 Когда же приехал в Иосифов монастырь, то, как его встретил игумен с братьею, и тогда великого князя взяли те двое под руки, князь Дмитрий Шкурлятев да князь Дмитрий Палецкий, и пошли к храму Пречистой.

---

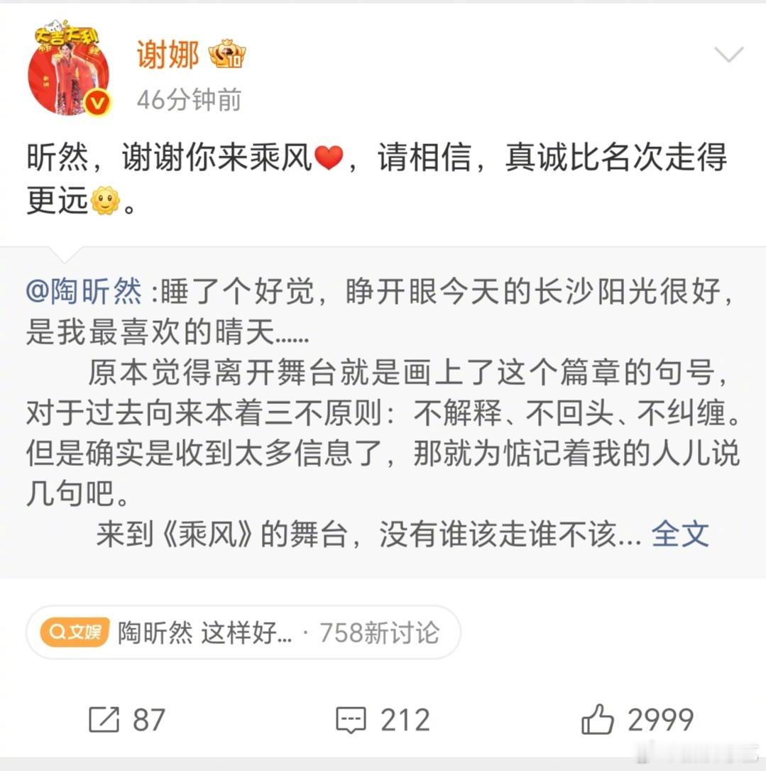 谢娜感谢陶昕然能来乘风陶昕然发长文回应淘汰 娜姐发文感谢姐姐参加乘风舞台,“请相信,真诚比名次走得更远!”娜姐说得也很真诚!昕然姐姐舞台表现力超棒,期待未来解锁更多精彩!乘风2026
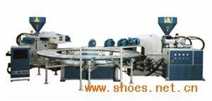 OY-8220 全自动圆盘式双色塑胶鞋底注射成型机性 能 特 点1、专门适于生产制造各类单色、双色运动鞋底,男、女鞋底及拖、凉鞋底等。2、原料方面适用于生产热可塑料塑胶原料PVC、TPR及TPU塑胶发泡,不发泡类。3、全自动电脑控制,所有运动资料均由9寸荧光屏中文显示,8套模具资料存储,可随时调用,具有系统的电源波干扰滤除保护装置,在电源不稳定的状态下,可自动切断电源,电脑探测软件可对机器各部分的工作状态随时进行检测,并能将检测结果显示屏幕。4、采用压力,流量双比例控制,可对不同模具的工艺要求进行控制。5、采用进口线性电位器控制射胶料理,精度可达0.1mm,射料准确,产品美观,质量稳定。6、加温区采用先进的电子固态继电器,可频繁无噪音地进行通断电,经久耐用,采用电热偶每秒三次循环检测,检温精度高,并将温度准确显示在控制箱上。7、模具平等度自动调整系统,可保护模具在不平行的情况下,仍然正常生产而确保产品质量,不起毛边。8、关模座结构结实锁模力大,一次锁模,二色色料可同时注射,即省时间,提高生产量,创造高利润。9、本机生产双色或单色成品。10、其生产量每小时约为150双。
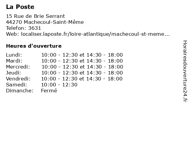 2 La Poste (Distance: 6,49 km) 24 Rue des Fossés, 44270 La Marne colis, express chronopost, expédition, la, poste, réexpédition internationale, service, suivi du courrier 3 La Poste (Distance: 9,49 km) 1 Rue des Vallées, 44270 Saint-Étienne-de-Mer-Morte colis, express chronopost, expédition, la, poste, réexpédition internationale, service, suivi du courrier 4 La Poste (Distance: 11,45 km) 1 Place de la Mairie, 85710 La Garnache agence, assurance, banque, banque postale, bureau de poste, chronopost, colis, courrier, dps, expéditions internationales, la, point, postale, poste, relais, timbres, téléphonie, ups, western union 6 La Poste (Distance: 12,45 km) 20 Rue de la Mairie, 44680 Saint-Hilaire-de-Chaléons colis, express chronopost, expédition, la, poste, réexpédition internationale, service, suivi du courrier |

● **What is required**: In the data above, retype only the stretch from the line with "谢娜感谢陶昕然能来乘风陶昕然" through the line with "2 La Poste (Distance: 6,49", word for word, and skip any pictures.

● **Output for this exercise**:
 谢娜感谢陶昕然能来乘风陶昕然发长文回应淘汰 娜姐发文感谢姐姐参加乘风舞台,“请相信,真诚比名次走得更远!”娜姐说得也很真诚!昕然姐姐舞台表现力超棒,期待未来解锁更多精彩!乘风2026
 OY-8220 全自动圆盘式双色塑胶鞋底注射成型机性 能 特 点1、专门适于生产制造各类单色、双色运动鞋底,男、女鞋底及拖、凉鞋底等。2、原料方面适用于生产热可塑料塑胶原料PVC、TPR及TPU塑胶发泡,不发泡类。3、全自动电脑控制,所有运动资料均由9寸荧光屏中文显示,8套模具资料存储,可随时调用,具有系统的电源波干扰滤除保护装置,在电源不稳定的状态下,可自动切断电源,电脑探测软件可对机器各部分的工作状态随时进行检测,并能将检测结果显示屏幕。4、采用压力,流量双比例控制,可对不同模具的工艺要求进行控制。5、采用进口线性电位器控制射胶料理,精度可达0.1mm,射料准确,产品美观,质量稳定。6、加温区采用先进的电子固态继电器,可频繁无噪音地进行通断电,经久耐用,采用电热偶每秒三次循环检测,检温精度高,并将温度准确显示在控制箱上。7、模具平等度自动调整系统,可保护模具在不平行的情况下,仍然正常生产而确保产品质量,不起毛边。8、关模座结构结实锁模力大,一次锁模,二色色料可同时注射,即省时间,提高生产量,创造高利润。9、本机生产双色或单色成品。10、其生产量每小时约为150双。
 2 La Poste (Distance: 6,49 km) 24 Rue des Fossés, 44270 La Marne colis, express chronopost, expédition, la, poste, réexpédition internationale, service, suivi du courrier 3 La Poste (Distance: 9,49 km) 1 Rue des Vallées, 44270 Saint-Étienne-de-Mer-Morte colis, express chronopost, expédition, la, poste, réexpédition internationale, service, suivi du courrier 4 La Poste (Distance: 11,45 km) 1 Place de la Mairie, 85710 La Garnache agence, assurance, banque, banque postale, bureau de poste, chronopost, colis, courrier, dps, expéditions internationales, la, point, postale, poste, relais, timbres, téléphonie, ups, western union 6 La Poste (Distance: 12,45 km) 20 Rue de la Mairie, 44680 Saint-Hilaire-de-Chaléons colis, express chronopost, expédition, la, poste, réexpédition internationale, service, suivi du courrier |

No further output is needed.